• 中国计算机学会会刊
  • 中国科技核心期刊
  • 中文核心期刊

Computer Engineering & Science ›› 2025, Vol. 47 ›› Issue (1): 140-149.

• Artificial Intelligence and Data Mining • Previous Articles     Next Articles

A staged strategy incorporating reinforcement learning to solve the travelling thief problem

ZHANG Zheng1,2,XIA Xiaoyun2,CHEN Zefeng3,XIANG Yi4   

  1. (1.School of Computer Science and Technology,Zhejiang Sci-Tech University,Hangzhou 310018;
    2.School of Artificial Intelligence,Jiaxing University,Jiaxing 314001;
    3.School of Artificial Intelligence,Sun Yat-sen University,Zhuhai 519082;
    4.School of Software Engineering,South China University of Technology,Guangzhou 510006,China)n
  • Received:2023-08-23 Revised:2024-04-23 Online:2025-01-25 Published:2025-01-18

Abstract: The travelling thief problem (TTP) is a combination of the traditional traveling salesman problem(TSP) and the knapsack problem(KP), which is an NP-hard problem.
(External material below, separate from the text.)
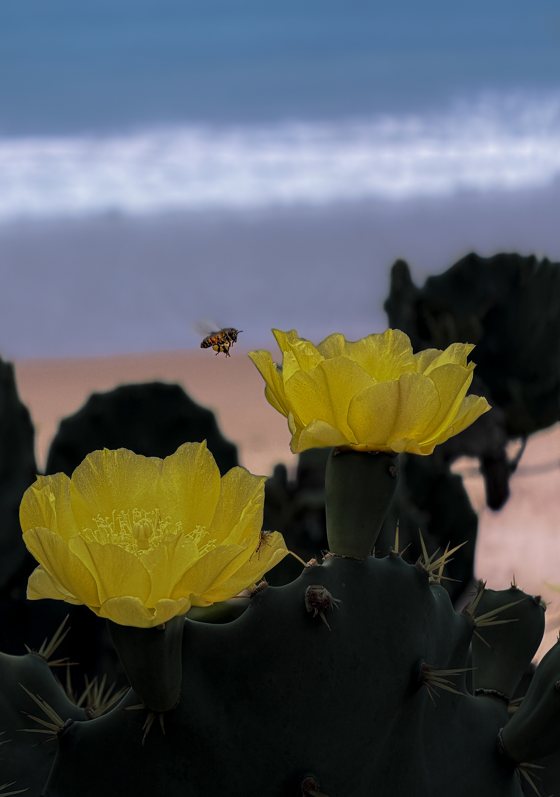 On a gray day, when the light turns diffuse and the world feels suspended, the labor of the bees persists, indifferent to the weight of the sky. Between thorns and fragile petals, life insists upon its small, unspectacular gestures. It celebrates nothing, laments nothing; it simply continues.

Compared with the independent TSP and KP, the TTP is more realistic and has higher research value. Previous TTP solving algorithms are mainly heuristic algorithms with limited performance, and other types of algorithms are less studied. To acquire better solution for TTP, a staged strategy of incorporating reinforcement learning is proposed. The first stage generates an item selection plan based on the properties of items. The second stage uses a reinforcement learning algorithm (Actor-Critic algorithm) to solve the travel path. The third stage introduces neighborhood search strategy to optimize the obtained solution. Experiments show that the proposed algorithm achieves good results on most test cases and, in some cases, outperforms the compared algorithms in terms of solution quality, demonstrating the superior performance of the proposed algorithm. 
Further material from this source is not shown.